Quote every line below exactly and skip any picture.

- [Given material]
=== Begin Enclosure ===

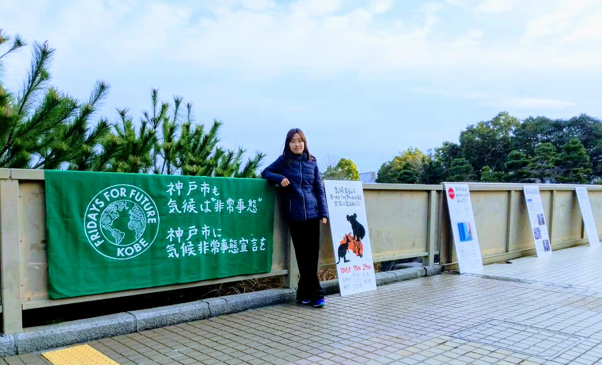 本日は神戸大学のキャンパスにて新しいバナーと共に2時間半立っていました。学生たちに #気候非常事態 という言葉を知ってもらう、こうやって危機感を持っている仲間が近くにいると認識してもらうことをゴールにしました
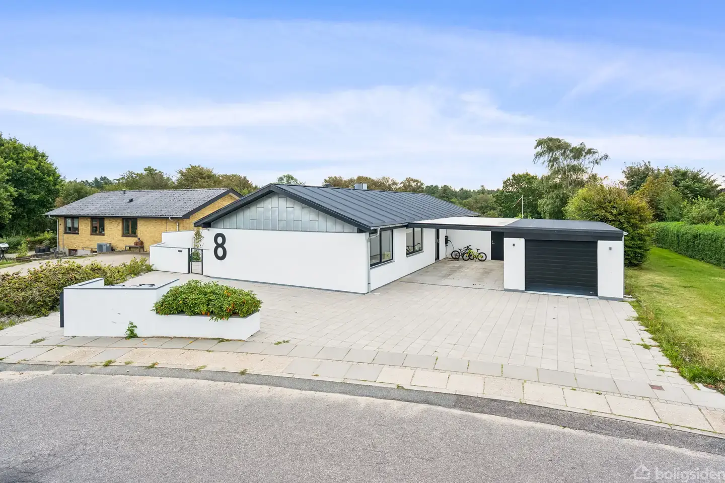 Nu udbydes denne fantastisk beliggende og renoveret 1 plans villa i Bjergby på en 1.426 m2 stor naturgrund!Villaen fremtræder i velholdt og indflytningsklar stand, hvor man løbende - inde som ude - har moderniseret nærmest "alt". Udover beboelsen er her god carport samt garage, således man kan gå tørskoet ind i huset. På sydvestsiden af huset, finder man et unikt udeområde og gårdhavemiljø med udsigt til skøn natur, hvor der virkelig er tænkt over detaljerne - solrige terrassekroge i flere nive
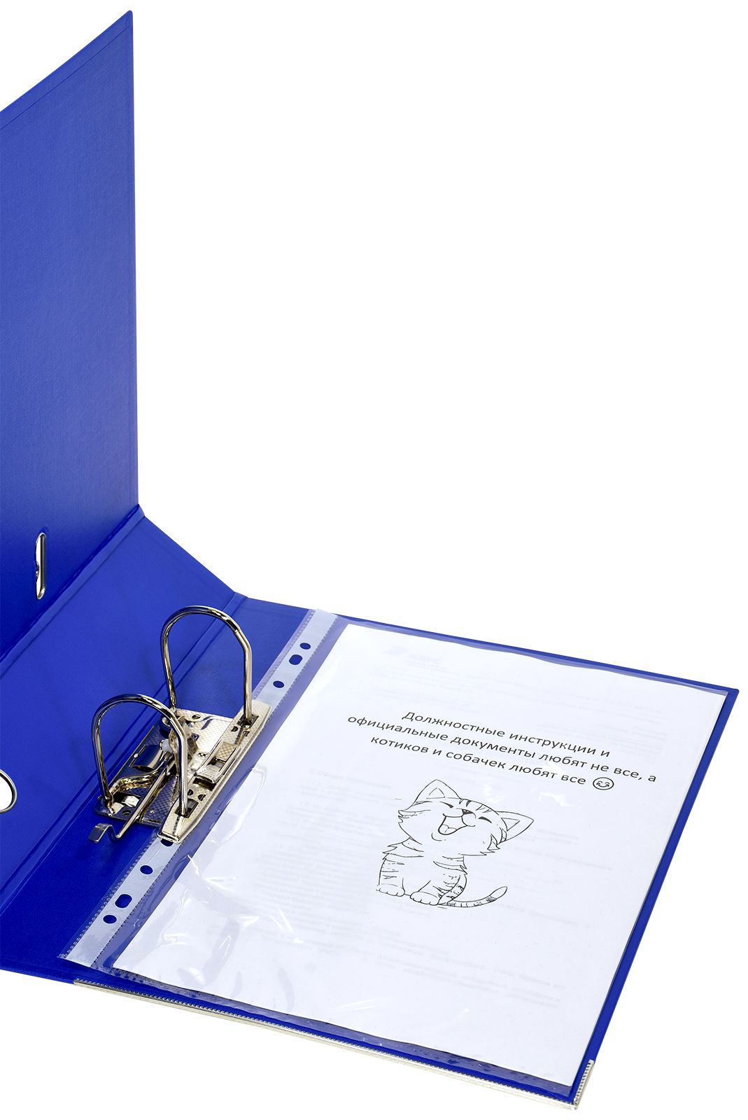 Папка-регистратор формата A4 изготовлена из качественного картона, покрытого с двух сторон покрытием PVC. Нижний край папки защищен металлическим кантом, предохраняющим ее от износа. Металлический арочный механизм съемный. На корешке папки имеется карман со сменной этикеткой для маркировки и кольцо для удобства захвата. Прорези на крышке папки удерживают ее, даже при большом количестве документов.

=== End Enclosure ===

- [Reply to the exercise]
 本日は神戸大学のキャンパスにて新しいバナーと共に2時間半立っていました。学生たちに #気候非常事態 という言葉を知ってもらう、こうやって危機感を持っている仲間が近くにいると認識してもらうことをゴールにしました
 Nu udbydes denne fantastisk beliggende og renoveret 1 plans villa i Bjergby på en 1.426 m2 stor naturgrund!Villaen fremtræder i velholdt og indflytningsklar stand, hvor man løbende - inde som ude - har moderniseret nærmest "alt". Udover beboelsen er her god carport samt garage, således man kan gå tørskoet ind i huset. På sydvestsiden af huset, finder man et unikt udeområde og gårdhavemiljø med udsigt til skøn natur, hvor der virkelig er tænkt over detaljerne - solrige terrassekroge i flere nive
 Папка-регистратор формата A4 изготовлена из качественного картона, покрытого с двух сторон покрытием PVC. Нижний край папки защищен металлическим кантом, предохраняющим ее от износа. Металлический арочный механизм съемный. На корешке папки имеется карман со сменной этикеткой для маркировки и кольцо для удобства захвата. Прорези на крышке папки удерживают ее, даже при большом количестве документов.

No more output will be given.